Block P2P seems like mission impossible
I have one machine running Pfsense it´s working as gateway and also doing the PPPoe connecting to my ISP.(wan PPPoe)
I am trying to block all P2P(all is very hard but at least the most common) ,i am using snort and i checked the snort rulles and the correct ports to block are configured ad block offenders is enable.But it does not block everything it blocks the P2P Upload (in the emule case) but it does not block the download. >:(
I allready read somewhere in the forum that some P2P use also htttp does this mean it's a mission impossible to compleatly block it. ???
you could proxy the http connections, that should block out the p2p apps trying to use that port, or you could write something like Checkpoints Smartdefense for pfsense ;)
There's no way to completely block P2P, even if we did have something like CheckPoint SmartDefense, because a lot of P2P apps now can encrypt their traffic and run over common ports, so it looks no different from say HTTPS or a VPN connection.
The unencrypted ones should be blockable with snort, but I'm not familiar with that.
The snort package has some p2p detection rules.
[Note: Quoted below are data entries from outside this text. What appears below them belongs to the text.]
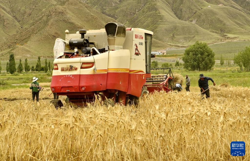 7月31日,山南市扎囊縣扎其鄉朗賽嶺村村民在收割青稞。新華社記者 張汝鋒 攝
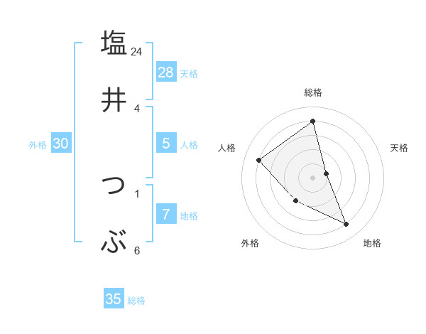 塩井 つぶさんを姓名の画数から五運を鑑定
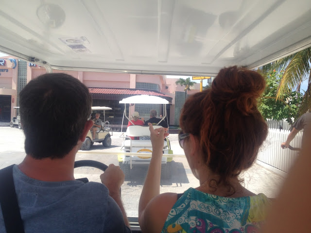 Tras tres días regresamos al sur (San Pedro) y estuvimos otras tres noches en el Hotel Exotic Caye, también sin desayuno incluído y con cocina completa. Alquilamos un carro de golf, que condujimos los tres, y recorrimos buena parte del sur de la isla, más animada y con más ambiente (tampoco mucho!), locales con música en directo,…. a las noches no bajaba de 26 grados. Mucho rastafari. Playas con algas.
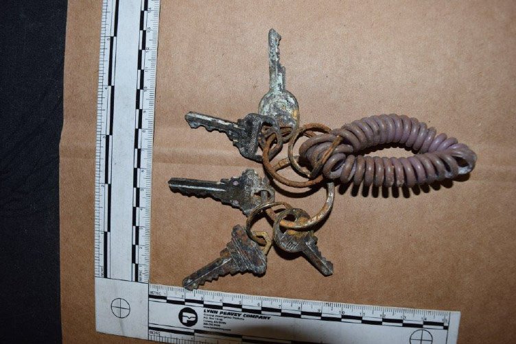 Those keys have a lot of rust on them - any possibility they were in the lake? Were any other found articles discovered to have some kind of water damage to them?
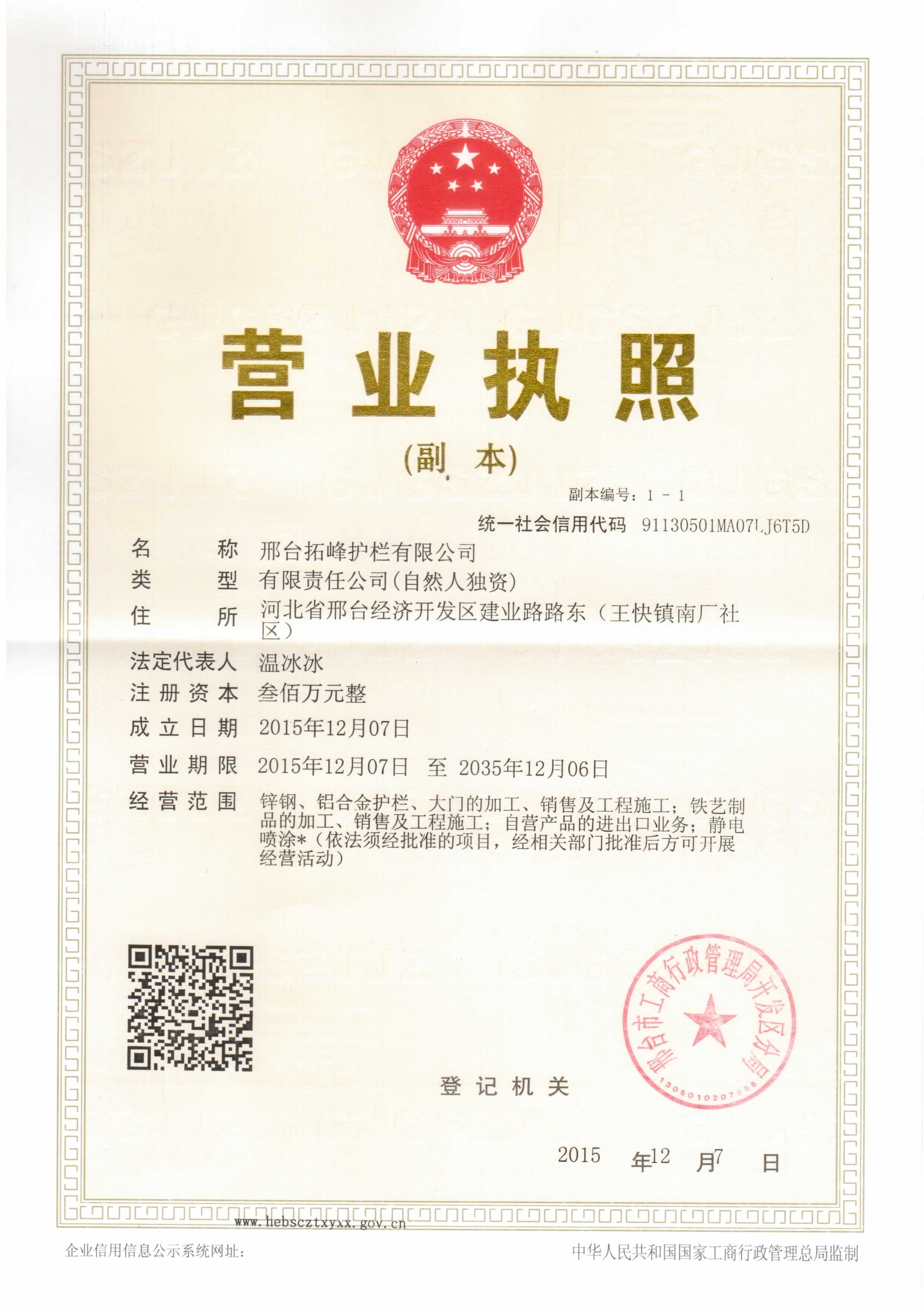 公司:邢臺(tái)拓峰護(hù)欄有限公司
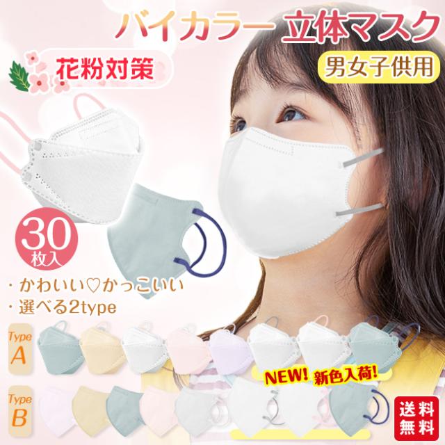 【花粉対策】新色バイカラー 子供 マスク 30枚 立体マスク 不織布マスク 息がしやすい バイカラー キッズ 子ども くすみカラー 3D立体
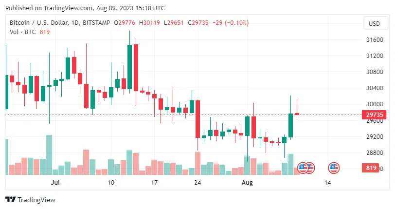 Kể từ đó, mức tăng trước đó đã giảm và vào thời điểm viết bài, vua coin đang giao dịch ở mức 29.791,72 USD.
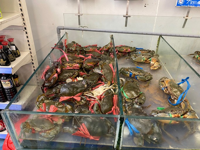 Trong khi đó, theo ghi nhận của phóng viên, giá tôm hùm, cua biển tại các chợ và siêu thị ở TP HCM vẫn ở mức khá cao, không thay đổi nhiều so với trước. Chẳng hạn, tại một số siêu thị, cua biển loại cua thịt đang được bán với giá 450.000 đồng/kg, tôm hùm bông xuất khẩu 1,65 triệu đồng/kg. Tại chợ Đo Đạc (quận 2, TP HCM), giá cua thịt Bình Đại - Bến Tre 400.000 đồng/kg, cua gạch 450.000 đồng/kg. Tại vựa hải sản trên đường Ký Con (quận 1), giá cua thịt Bến Tre 300.000 đồng/kg, của gạch 350.000 đồng/kg. Nhiều điểm bán cua Cà Mau tại TP HCM vẫn chào giá 550.000-600.000 đồng/kg.
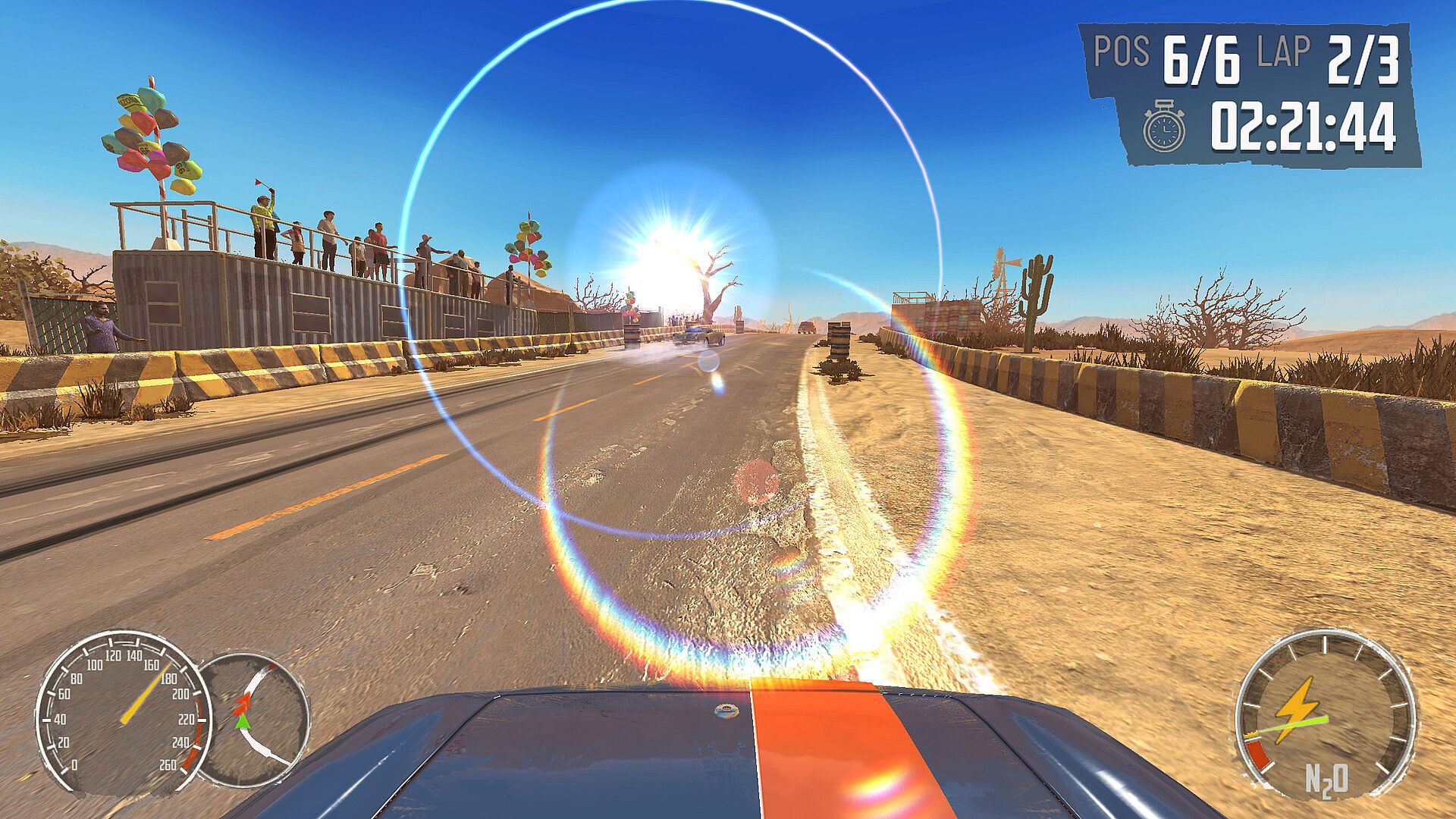 Players navigate through diverse environments, including dusty desert roads, ramshackle junkyards, and winding country lanes. Race opponents, complete time trials, participate in tournaments in single player - or challenge a friend for a cutthroat couch multiplayer session!
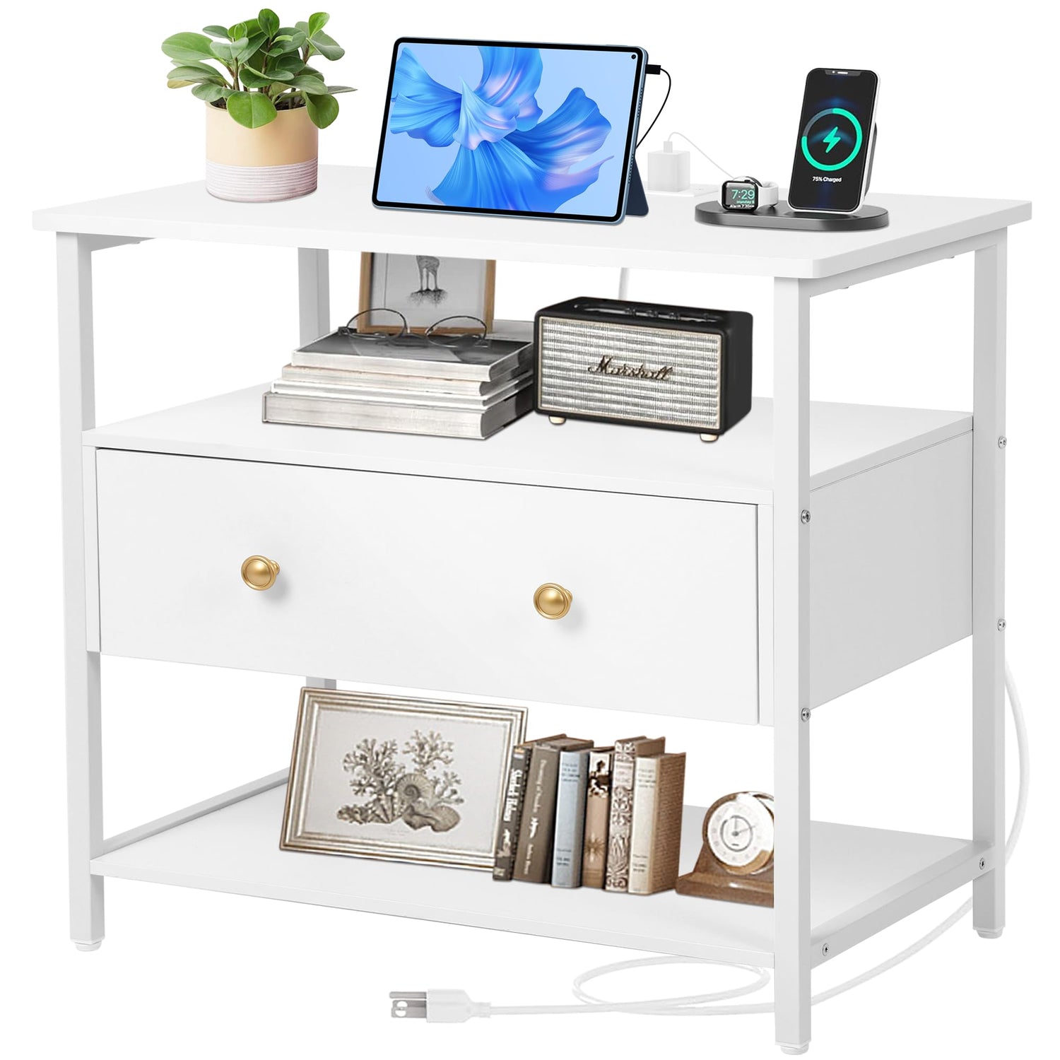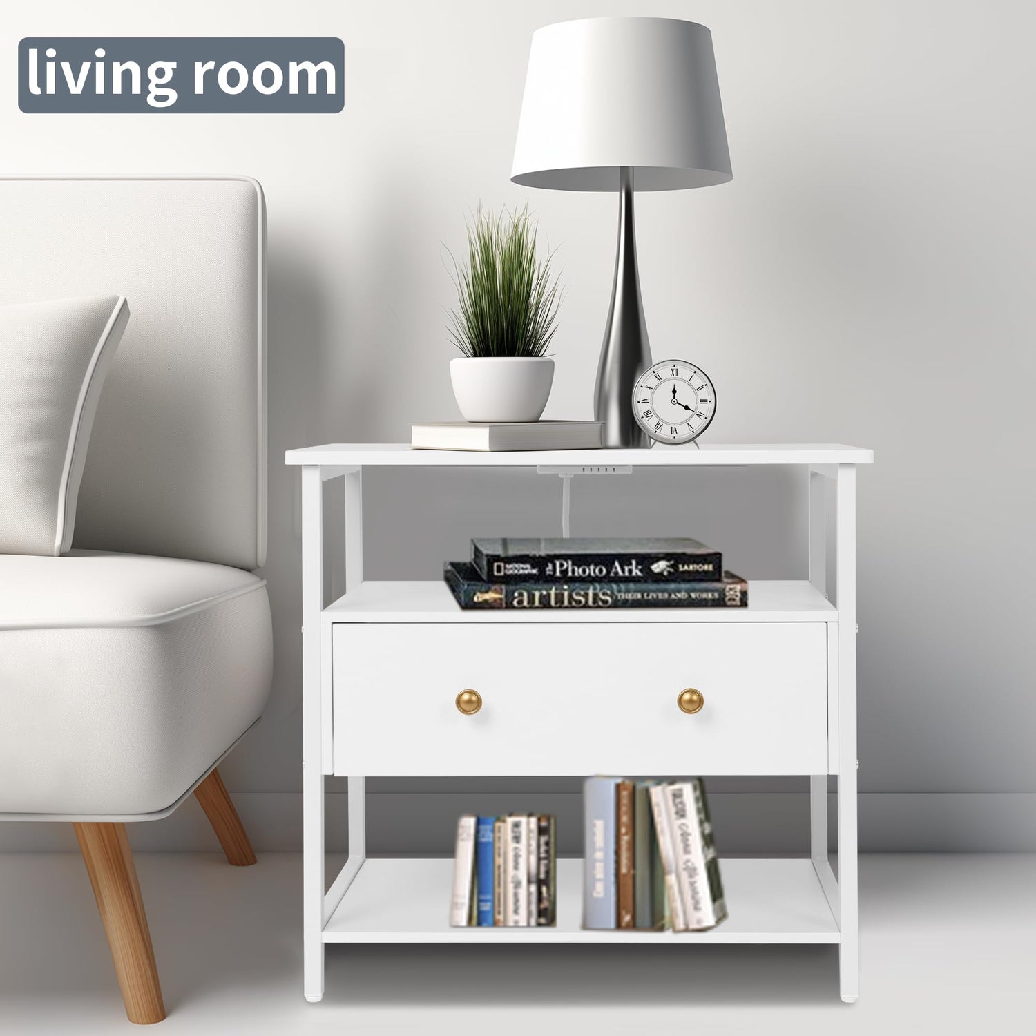 27 inch Nightstand Side Table with 1 Layer of Wooden Drawers,Nightstand with Charging Station
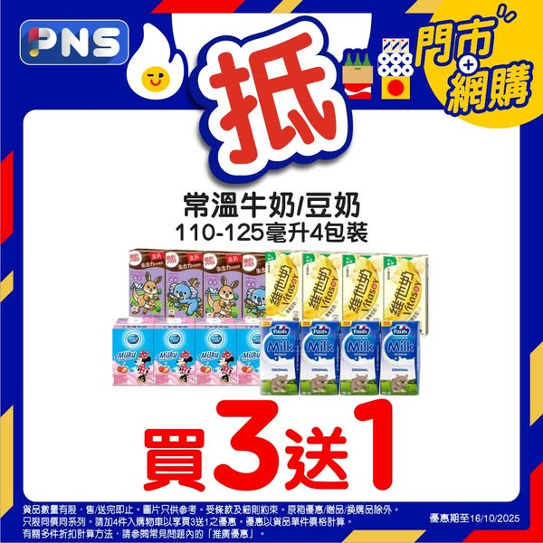 優惠期至2025年10月16日。優惠適用於有售賣此貨品之香港百佳店舖及PNS網購。需登入PNS網購以查看贈品優惠。數量有限,送/售/換完即止,優惠以每張訂單計算。圖片只供參考。受條款及細則約束。
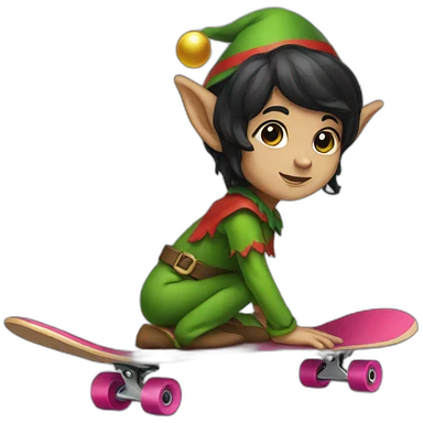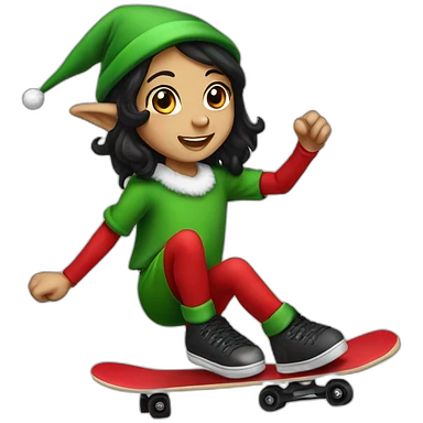 black-haired girl mid-wipeout on a skateboard, arms flailing, energetic, fun emoji style emoji
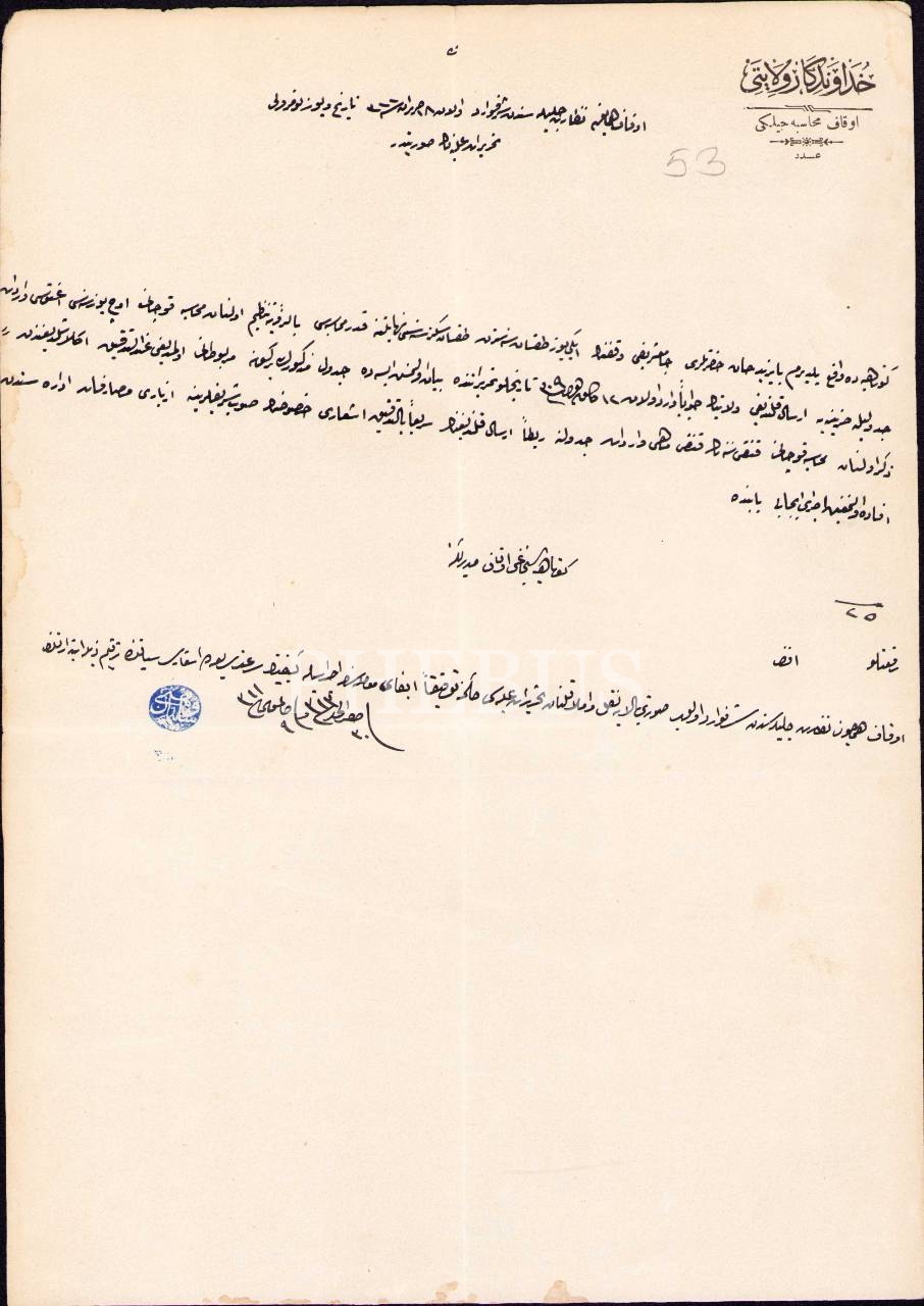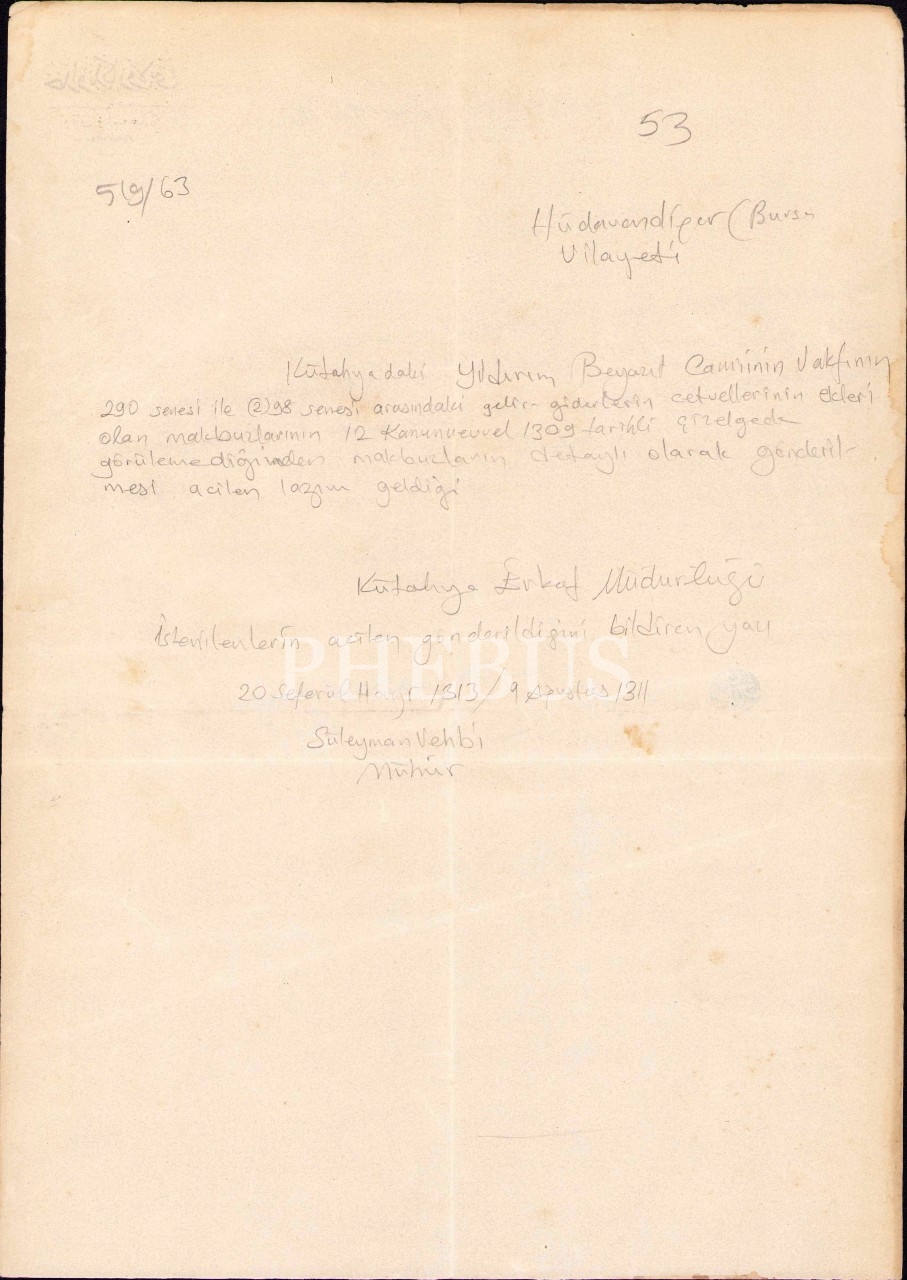 Osmanlıca Hüdavendigâr Vilayeti [Bursa] antetli yazışma evrağı, 1311, 24x33 cm
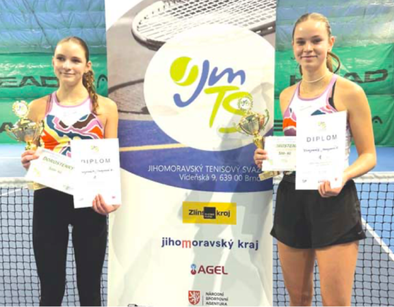 Anežka a Eliška Dřevojanovy se staly přebornicemi Jihomoravského kraje pro rok 2025 ve čtyřhře v kategorii dorostenek.

In combination with the block offenders checkbox you can shut some of this traffic down (unless it's using the "stealth" techniques cmb already mentioned).
I have tried to use snort to block p2p but often the first ip in the alert is my wan IP. (which is white listed) Is it possible to have snort block both IPs in the alert?
Have you looked into a packet shaping appliance. I'm not sure if you want to spend much money, but shaping can at least help control P2P. You can get something like a netequalizer for a few thousand dollars.
We don't want to slowdown the p2p we want to stop the most common apps from working at all. It seems that snort would be perfect for this if only it could be set to block both the src and dst ips when an alert is generated.
using traffic quota for every user, and if the traffic exceed the quota then his internet will be blocked or slow down to minimum bandwidth.